Salió pacíficamente del local, sin que nadie le siguiera, y encaminó de nuevo sus pasos a la agencia inmobiliaria. Si lo que le había comunicado por teléfono Ander Gajate a la anciana era cierto, de nuevo tendría allí alguna pista, aunque no sabía a ciencia cierta cuál. Cuando entró por la puerta aún se encontraba allí la joven que le había atendido. A Vázquez no se le escapó que su llegaba había desencadenado síntomas de evidente nerviosismo en la empleada, que antes de ser interpelada se puso a hablar desordenadamente. La extrañeza de Emilio Vázquez se disipó cuando recordó que en su visita anterior se había hecho pasar por policía.

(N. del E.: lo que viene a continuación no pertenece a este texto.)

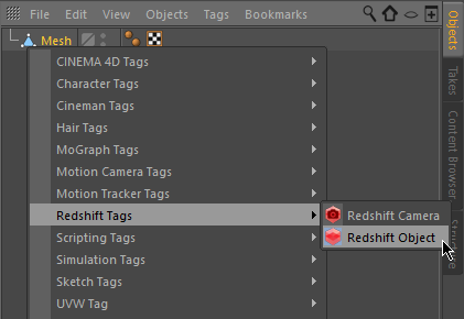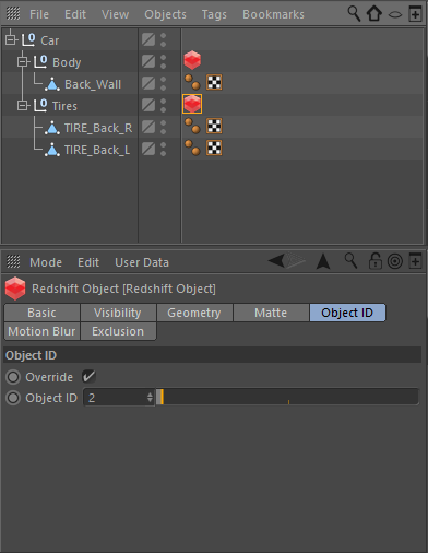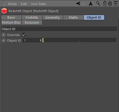 Redshift Object ID controls inside of the Redshift Object Tag for the selected object.
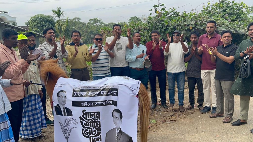 সোমবার বিকালে উপজেলার ধলঘাটে নেতাকর্মীদের সাথে নিয়ে তারা এই গণসংযোগ চালান৷ এসময় তারা মানুষের কাছে ধানের শীষের লিফলেট বিতরণসহ ঘরে ঘরে, দোকানে দোকানে এনামুল হকের জন্য ভোট চান।

– Lo siento, señor comisario -aunque no se había hablado para nada del rango policial de su visitante la joven optó prudentemente por concederle uno elevado-, yo no sabía nada, me dijeron que era una broma, el alquiler del piso está totalmente en regla, si quiere le puedo proporcionar copia de todo.

Premisa básica en el trabajo policial era que cuando un testigo pensaba que el policía lo sabía todo, éste debía afirmar que sí, que lo sabía todo, pero que preferiría oír la historia completa de manos de su interlocutor, para cotejar versiones.

La joven empleada sacó un periódico de debajo del mostrador y enseñándole una fotografía, volvió a hablar con Vázquez.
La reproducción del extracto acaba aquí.